§ **EXTRACTED ENTRIES**
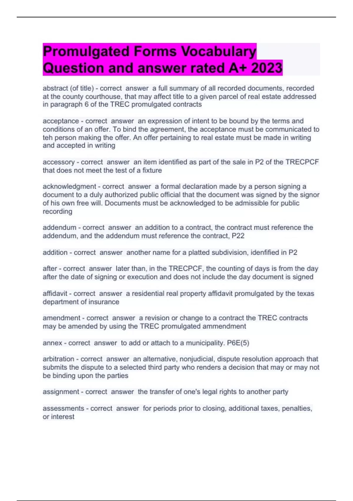 Promulgated Forms Vocabulary Question and answer rated A+ 2023abstract (of title) a full summary of all recorded documents, recorded at the county courthouse, that may affect title to a given parcel of real estate addressed in paragraph 6 of the TREC promulgated contracts acceptance an expression of intent to be bound by the terms and conditions of an offer. To bind the agreement, the acceptance must be communicated to teh person making the offer. An offer pertaining to real estate must be made in writing and accepted in writing accessory an item identified as part of the sale in P2 of the TRECPCF that does not meet the test of a fixture acknowledgment a formal declaration made by a person signing a document to a duly authorized public official that the document was signed by the signor of his own free will. Documents must be acknowledged to be admissible for public recording addendum an addition to a contract, the contract must reference the addendum, and the addendum must reference the contract, P22 addition another name for a platted subdivision, idenfified in P2 after later than, in the TRECPCF, the counting of days is from the day after the date of signing or execution and does not include the day document is signed affidavit a residential real property affidavit promulgated by the texas department of insurance amendment a revision or change to a contract the TREC contracts may be amended by using the TREC promulgated ammendment annex to add or attach to a municipality. P6E(5) arbitration an alternative, nonjudicial, dispute resolution approach that submits the dispute to a selected third party who renders a decision that may or may not be binding upon the parties assignment the transfer of one's legal rights to another party assessments for periods prior to closing, additional taxes, penalties, or interest
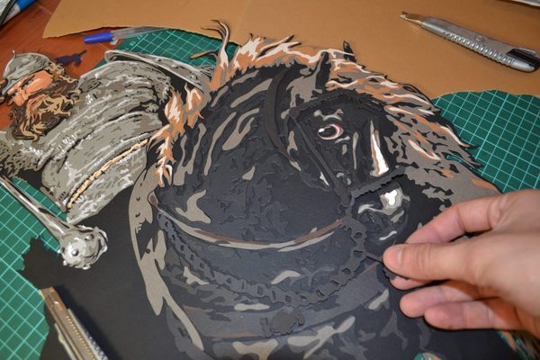 The material of my paintings is cardboard, and the most varied. Once I thought of doing a portrait in an unusual technique: I decided first to cut out the silhouette, and then draw the traits with pencils and pens. I tried, I thought that you can do without pencils and pens at all - cut everything. So my first picture turned out. Then, from time to time, he made such pictures as a gift, made to order, and a year ago he tuned in to create serious paintings, to his own collection.
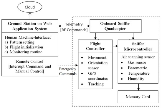 Due to short flight duration (<40 min), several settings must be initialized to permit the quadcopter to perform optimally, such as the target point, in the form of GPS coordinate, and quadcopter flight behavior, in the form of altitude, speed, and measurement pattern. The settings can also be made on the ground station system through the designed mission planner system which can communicate with the sniffer quadcopter using 433 MHz telemetry [27,28]. The architecture of the aerial platform system is presented in Figure 1. The ground station using an open source web application platform was also used to monitor all measurement processes. With the autonomous flight pattern, the quadcopter will run the sequential process according to the pre-flight command list. For intentional interruption of the process, an emergency system was designed so the user’s command can be delivered via the ground station control which will force the quadcopter either to make a landing or to fly back to the home coordinates. On board the sniffer quadcopter system one can find two controllers: the flight controller and sniffer microcontroller. The flight controller serves to maintain the stability of the maneuvers, together with an orientation sensor and a tracking pattern based on the input coordinate [29]. The sniffer system serves to perform air scanning and save the data on a memory card. Both controllers are always communicating with each other to determine when to carry out the data retrieval process.
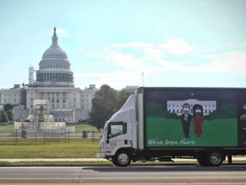 Escenas características de la serie se colocaron en anuncios afuera de lugares estratégicos
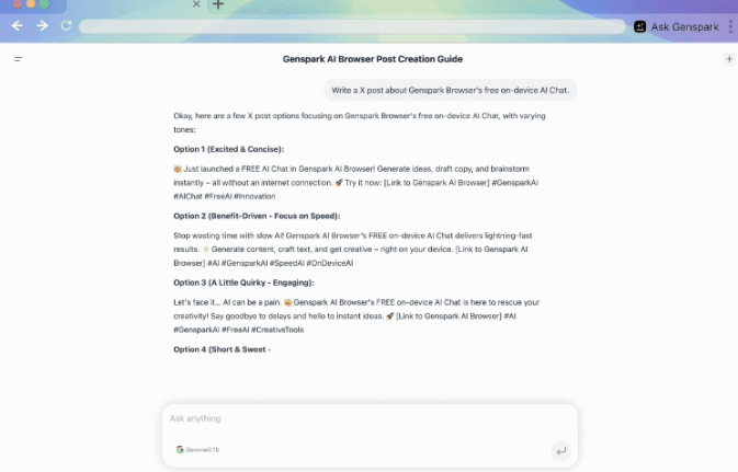 Genspark AI Browser is a desktop browser with built-in AI features that run on the user’s device; no internet is needed for core model responses. It includes agent tools that assist during web browsing, comparing products, analyzing reviews, finding better deals, and helping with informed decision-making on any site. There is an autopilot mode that can automatically browse feeds, gather information, access premium databases, and perform complex web tasks without user intervention. The browser includes ad-blocking so that banners, pop-ups, and intrusive ads are blocked automatically to provide a cleaner, faster browsing experience. There’s also an MCP store, which lets users connect their browser to over 700 tools to enable workflow automation. The emphasis is on privacy (on-device AI), speed, and reducing friction in browsing, shopping, research, or general web tasks.
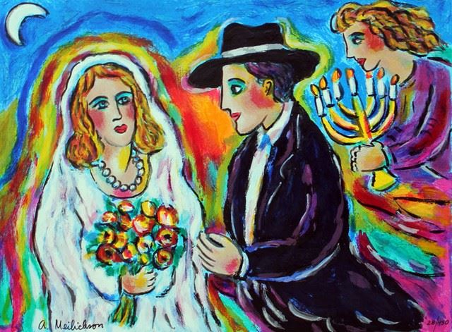 Artist: Alex Meilichson - Title: Moonlight Wedding - Medium: Serigraph on Fine Art Paper - Signature: Hand-signed by the Artist - Limited Edition: 450 - Image Size: 9 inches x 12 inches - Paper Size: Approximately 10.5 inches x 13.5 inches - Framed: Unframed - Details: This work comes with a Certificate of Authenticity - Alex Meilichson has developed a figurative style, using a palette of brilliant colors. His favorite media are ink, acrylic and oil on canvas. He paints Judaic themes, landscapes and still life in an expressionist 'Ecole de Paris' approach. -

§ **WHAT YOU WILL DO**
Please set down only the lines from the one containing "Escenas características de" through the end of the entries, exactly as they stand, both ends included and with no pictures.

§ **TASK RESULT**
 Escenas características de la serie se colocaron en anuncios afuera de lugares estratégicos
 Genspark AI Browser is a desktop browser with built-in AI features that run on the user’s device; no internet is needed for core model responses. It includes agent tools that assist during web browsing, comparing products, analyzing reviews, finding better deals, and helping with informed decision-making on any site. There is an autopilot mode that can automatically browse feeds, gather information, access premium databases, and perform complex web tasks without user intervention. The browser includes ad-blocking so that banners, pop-ups, and intrusive ads are blocked automatically to provide a cleaner, faster browsing experience. There’s also an MCP store, which lets users connect their browser to over 700 tools to enable workflow automation. The emphasis is on privacy (on-device AI), speed, and reducing friction in browsing, shopping, research, or general web tasks.
 Artist: Alex Meilichson - Title: Moonlight Wedding - Medium: Serigraph on Fine Art Paper - Signature: Hand-signed by the Artist - Limited Edition: 450 - Image Size: 9 inches x 12 inches - Paper Size: Approximately 10.5 inches x 13.5 inches - Framed: Unframed - Details: This work comes with a Certificate of Authenticity - Alex Meilichson has developed a figurative style, using a palette of brilliant colors. His favorite media are ink, acrylic and oil on canvas. He paints Judaic themes, landscapes and still life in an expressionist 'Ecole de Paris' approach. -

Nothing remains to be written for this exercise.